Pengamat politik Universitas Padjadjaran (Unpad) Muradi menilai calon presiden nomor urut 02 Prabowo Subianto blunder saat mengkritik 'pembisik-pembisik' di sekeliling calon petahana Joko Widodo (Jokowi). Menurut Muradi, Prabowo sama saja mengkritik junior dan seniornya di TNI.
"Yang jadi pembisiknya kan Panglima TNI, para kepala staf (TNI), Menteri Pertahanan Ryamizard Ryacudu, Menko Polhukam Wiranto dan Luhut Binsar Panjaitan. Mereka semua adalah junior dan seniornya di TNI," kata Muradi dalam sebuah diskusi di Jakarta, Senin (1/4).
Saat beradu gagasan terkait tema pertahanan dan keamanan, Prabowo sempat mengkritik paparan Jokowi soal kemampuan militer Indonesia. Menurut mantan Komandan Jenderal Kopasssus itu, paparan Jokowi diperoleh dari informasi pembisik-pembisik yang kurang kompeten dan hanya bekerja dengan memegang prinsip 'asal bapak senang' (ABS).
"Saya lama Pak di militer dan saya tahu budaya di TNI itu seperti apa Pak. Banyak bicara yang bagus-bagus kalau sama atasan. Padahal faktanya tak seperti itu. Banyak orang-orang di sekeliling Bapak itu yang melaporkan ABS, Pak," kata Prabowo.

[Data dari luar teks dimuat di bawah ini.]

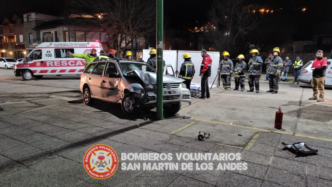 Producto del fuerte impacto el Volkswagen Country desvió su trayectoria e impactó contra una columna de alumbrado público.
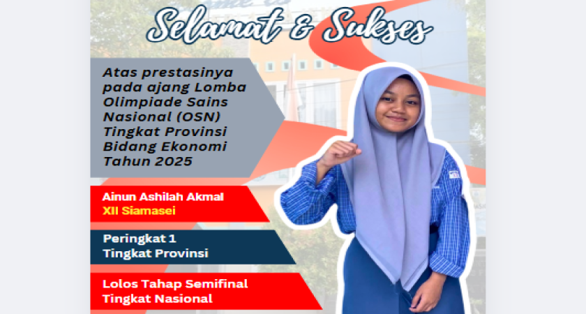 Satu siswa SMAN 1 Majene atas nama Ainun Ashilah Akmal lolos ke tahap Semifinal OSN Bidang Ekonomi yang akan dilaksanakan pada tanggal 11 September 2025 secara daring.

Menurut Muradi, justru Prabowo yang potensial dibohongi anak buahnya jika berkuasa. Ia menilai pemaparan Prabowo terkait isu pertahanan dan keamanan tidak mendetail dan tidak mengarah ke solusi praktis. "Visi misinya Prabowo sebenarnya kosong," imbuhnya.
Menurut Muradi, setidaknya ada tiga hal utama yang harus diurai ketika membicarakan isu pertahanan dan keamanan. Pertama, kebijakan politik pertahanan.
"Pengembangan kualitas sumber daya manusia. Ketiga, anggaran pertahanan yang memadai. Kemudian (terakhir), modernisasi dan peningkatan kapasitas alutsista. Nah, menjelaskan keempat poin ini Prabowo kalah dari Jokowi," katanya.
Hal serupa juga diungkapkan peneliti politik luar negeri Lembaga Ilmu Pengatahuan Indonesia (LIPI) Nanto Sriyanto. Menurut dia, budaya 'ABS' juga potensial berkembang di kubu Prabowo jika ia dan Sandiaga Uno berkuasa.
"Prabowo kalau ngomong terlalu melebar (dan) enggak bisa detail. Apalagi terlalu detail itu juga bisa didikte karena dia enggak tahu teknis," kata dia.
Nanto mengatakan, budaya ABS bukan persoalan Indonesia saja, tapi juga menjadi masalah yang lazim terjadi di berbagai negara.
"Itu kendala di semua negara. (Barrack) Obama di Amerika (Serikat) pun mengalami hal itu. Tugas tersulit sebagai presiden itu bukan pada mengambil keputusan yang tepat, tetapi mendapatkan informasi yang tepat sebelum mengambil keputusan," katanya.